The new policy is going ahead nonetheless. MoD sources that were involved in the drafting reveal that the policy revisions would allow technology transfer (ToT) to be counted as an offset. Also on the anvil are “multipliers”, which would give vendors extra offset credits in fields where foreign assistance is badly needed. For example, if the DRDO urgently requires metallurgical technology for building jet engine combustion chambers, the MoD could place a multiplier of, say, 5 on that technology. The new policy would give the vendor offset credits worth 5 times the cost of the technology that it transfers.
So far, the MoD has shied away from including ToT in the list of permissible offsets. The previous secretary for defence production, RK Singh (now the home secretary) admitted to Business Standard last year that it was extremely difficult to accurately value technology.
The new policy could also extend offsets to fields that are barely linked with defence, such as “project management”, a catchall phrase that would allow vendors to claim offsets for routine business expenses like travel, accommodation, and the holding of meetings and conferences.
“Offsets provide an opportunity to build a strong Indian defence industry.
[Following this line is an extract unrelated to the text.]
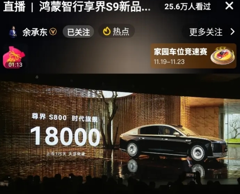 余承东一说起尊界S800的销量来好自豪啊!11月20日下午,在享界新改款S9发布会开场,余总骄傲地说道:“尊界S800上市175天大定突破1万8千台,近两个月每月交付2千台左右,11月份交付将接近3千台,12月份交付将达到3千~4千台!它现在在国内市场是最受高收入群体喜欢和推荐的百万级豪车,销量占百万级豪车的50%左右!”
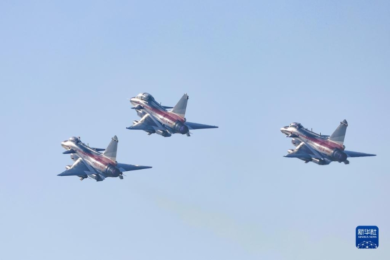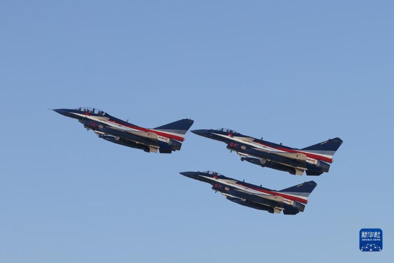 中國人民解放軍空軍八一飛行表演隊三機(jī)編隊從華北某機(jī)場啟程(11月7日攝)。新華社發(fā)(朱姜海 攝)

But if the offsets are liberalised to the level where vendors no longer need to provide benefits to Indian defence industry, we will have lost a huge opportunity,” says Puneet Kaura, Executive Director, Samtel Display Systems.
Offsets, which were introduced with the Defence Procurement Procedure of 2005 (DPP-2005), initially required vendors who executed defence contracts worth Rs 300 crores or more to source from India defence products worth 30% of the total contract value. Alternatively, offsets could also be discharged through investment into defence JVs set up in India; or through investment into Indian R&D organisations. Over time --- through DPP-2006; DPP-2008; DPP-2009; and DPP-2011 --- the offset policy has become progressively less demanding of foreign vendors, first incorporating offset banking and then (in DPP-2011) permitting vendors to discharge offsets in civil aerospace, training and internal security.
The offset policy initially followed the Kelkar Committee recommendations, which endorsed only “direct offsets”, i.e. connected directly with defence products. DPP-2011, however, opened the doors to “indirect offsets”. Now, the latest policy is set to widen that opening.
Business Standard has learned that there is a vertical split within the MoD on whether offsets should be diluted. The Acquisition Wing, which procures defence equipment for the military, and is responsible for expending the capital budget in full, views offsets as an inconvenient procedural hurdle that must be crossed before finalising a procurement contract. But the department of defence production (DDP), which is responsible for boosting India’s defence industry, regards offsets as a useful tool that can provide a growth impetus to industry.
“Unfortunately, the Acquisition Wing currently examines the offset proposals from foreign vendors. If the DDP was given the resources and the staff to do this job, the interests of Indian industry would be far better preserved,” says a MoD official who wishes to remain anonymous.
Industry sources say that after the Ficci delegation alerted Antony to the potential for scandal in offsets, the new defence secretary, Shashi Kant Sharma, who earlier headed the Acquisition Wing, has been inviting industry representatives to South Block to canvass their views.
The MoD has not responded to a request for comments on this issue.